Best Practices for Transparent AI Use
Citing AI properly is only part of ethical AI use. Follow these practical guidelines:
1. Verify Every AI-Sourced Reference
- Never paste AI-generated citations directly into your paper. This is the single most important habit you can develop.
- Use doi.org to check every DOI.
- Search exact titles in Google Scholar, CrossRef, and PubMed.
- Open the actual paper and confirm it supports your claim.[4:9]
2. Document Your AI Prompts
Save screenshots or transcripts of every AI interaction. This creates an audit trail that demonstrates transparency and protects you from accusations of academic dishonesty.

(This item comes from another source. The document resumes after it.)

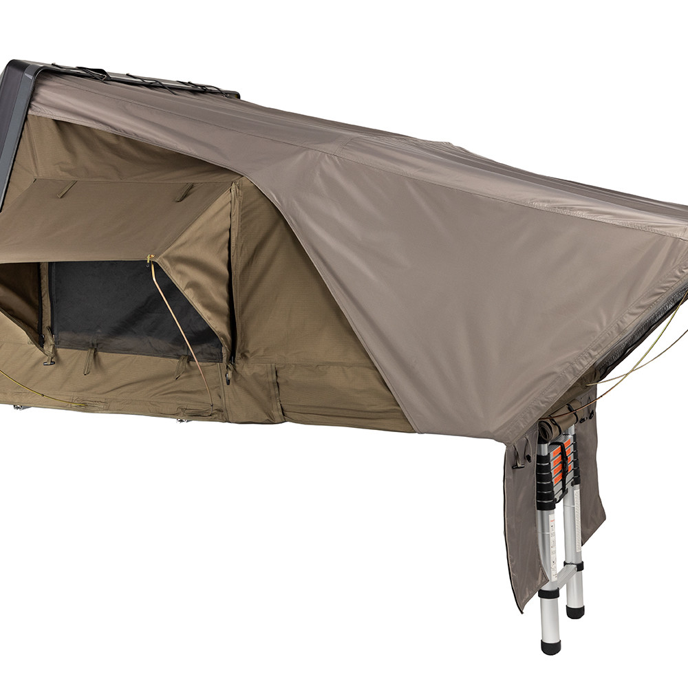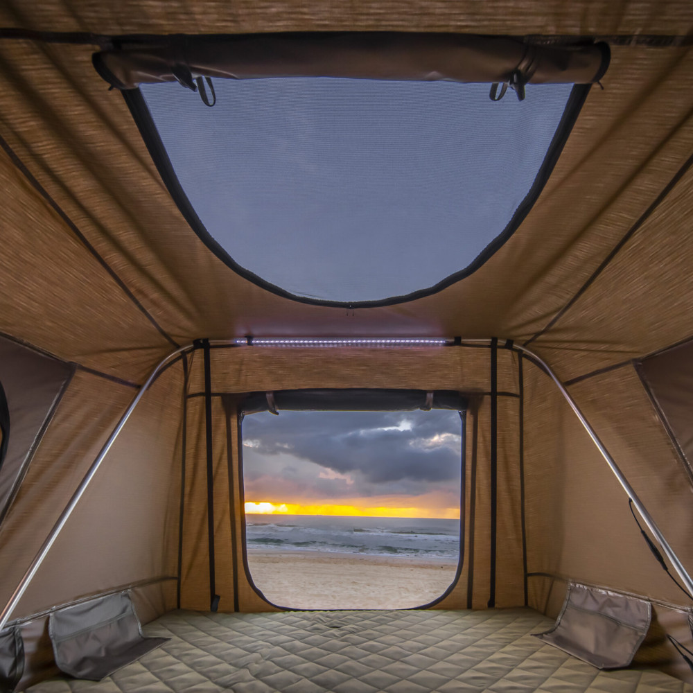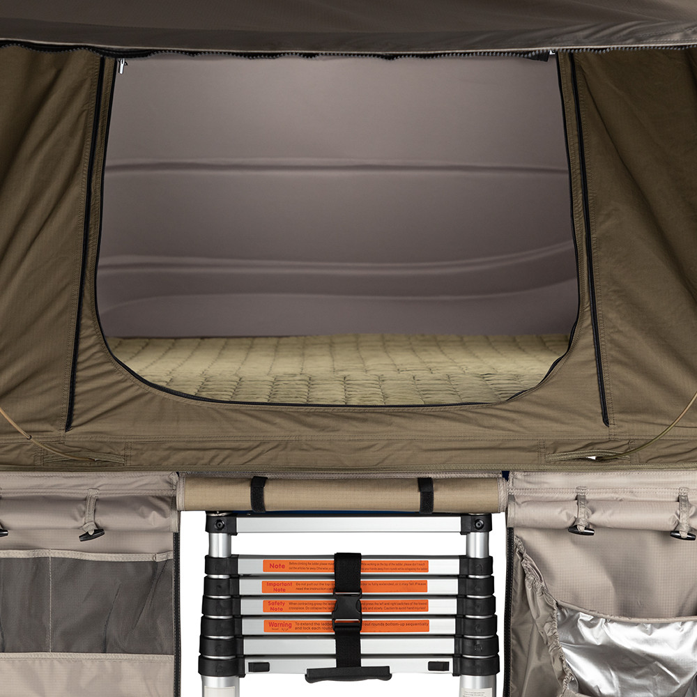 Cu accentul plasat pe confortul si usurinta deschiderii si strangerii, avantajele cum ar fi scara telescopica, depozitata intern, deschiderea asistata de telescop pneumatic si fixarea in doar 3 chingi push-lock fac montarea cortului si calatoriile sa pare ca o joaca de copii! Cortul Esperance nu arata excelent doar in camping, ci se potriveste (in stare inchisa), avand design si culoare unice cu design-ul majoritatii autovehiculelor – pentru un look elegant si modern.

3. Check Your Syllabus and University Policy
Many universities have specific AI policies that go beyond citation requirements. You’ll need to check whether your institution requires:
- A formal AI disclosure statement
- Documentation of exactly how AI was used
- Both disclosure and formal citation
4. Save Chat Transcripts
If you used AI to generate substantial text, save the conversation. Many professors expect you to include a transcript in an appendix or supplement.
5. Be Honest with Your Professors
If you used AI extensively, disclose it upfront. Transparency builds trust. Professors generally prefer honest disclosure over discovering AI use through plagiarism detection tools.
What Your Professor Should Know
Proper citation of AI content isn’t just about formatting rules. It’s about academic integrity, transparency, and protecting yourself from accusations of dishonesty.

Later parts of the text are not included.